住这房子的那一家人的祖父叫范·吉耳逊,他便是当年的那个园丁,早已死了。一个头发灰白的妇人向您说:“当时我也住在这里。我才三岁。我的姐姐比较大,吓得直哭。他们便把我们带到树林里去了。我躲在母亲怀里。大家都把耳朵贴在地上听,我呢,我学大炮的声音,喊着‘嘣,嘣。’”

院子左边的那道门,我们已经说过,开向果园。

果园的情形惨极了。

它分三部分,我们几乎可以说三幕。第一部分是花园,第二部分是果园,第三部分是树林。这三个部分有一道总围墙,在门的这边有古堡和庄屋,左边有一道篱,右边有一道墙,后面也有一道墙。右边的墙是砖砌的,后面的墙是石砌的。我们先进花园。花园比房子低,种了些覆盆子,生满了野草,尽头处有一座高大的方石平台,栏杆的石柱全作葫芦形。那是一种贵人的花园,它那格局是最早的法国式,比勒诺特尔式还早,现在已经荒废,荆棘丛生。石柱顶端作浑圆体,类似石球。现在还有四十三根石栏杆立在它们的底座上,其余的都倒在草丛里了。几乎每根都有枪弹的伤痕。一条断了的石栏杆竖在平台的前端,如同一条断腿。
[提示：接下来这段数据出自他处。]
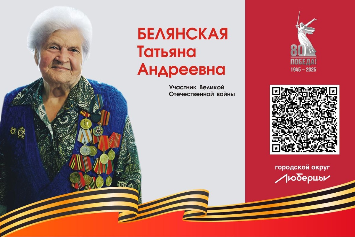⭐️⭐️⭐️ Лица Победы Татьяна Андреевна Белянская ⭐️С начала июля 1942 года Татьяна Андреевна Белянская жила в Воронеже в оккупации. В январе 43-го, когда Воронеж и его окрестности были освобождены, пошла в армию. ⭐️Санинструктором по распределению попала в 917-й артиллерийский полк 350-й стрелковой дивизии. Из наградного листа: «В боях за г. Купянск 1 февраля 1943 года и хутор Караванская Вершина 24 февраля 1943 года под огнём артиллерии и миномётов противника вынесла с поля боя 18 раненых красноармейцев и 2 командиров с их оружием». За что была отмечена медалью «За боевые заслуги». На Украине в 1943 году получила огнестрельное ранение в правое бедро. ⭐️ Награждена орденом Отечественной войны I степени, медалями «За боевые заслуги», «За победу над Германией», медалью «Маршала Советского Союза Жукова», другими наградами. #80летПобеде_Люберцы #МыПомним @VM_Volkov
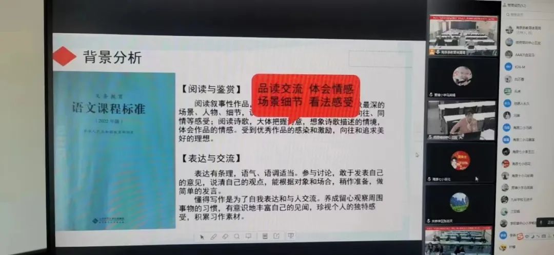 经个人申请,语文学科组推荐,由田彦萍老师承担本次授课主讲人。备课组的老师们群策群力,积极研讨。参会人员集思广益,经过反复研讨推敲,一节精彩纷呈、充满语文味儿的“云”上示范课,给与会的每一位老师提供了大单元教学设计的思路与方向。
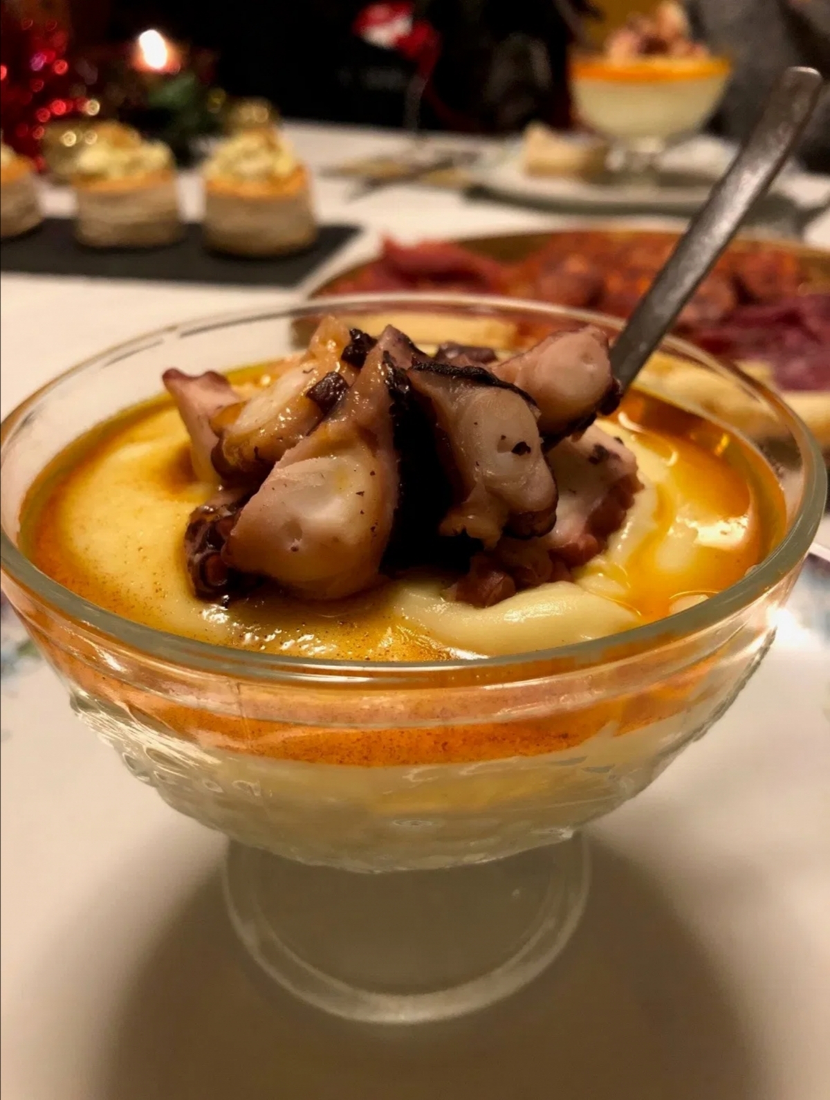 Reparta la emulsión de patata en vasos de chupito o similares e introduzca en cada uno 1 cucharilla pequeña. Ponga encima una rodaja de pulpo y riegue con el aceite de pimentón. Espolvoree con unas escamas de sal y sirva.

花园比果园低,第一轻装队的六个士兵曾经攻进这花园,陷在里面,好象熊落陷阱,出不去,他们受到两连汉诺威兵的攻击,其中一连还配备了火枪。汉诺威兵凭着石栏杆,向下射击。轻装队士兵从低处回射,六个人对付两百,奋不顾身,唯一的屏障只是草丛,他们坚持了一刻钟,六个人同归于尽。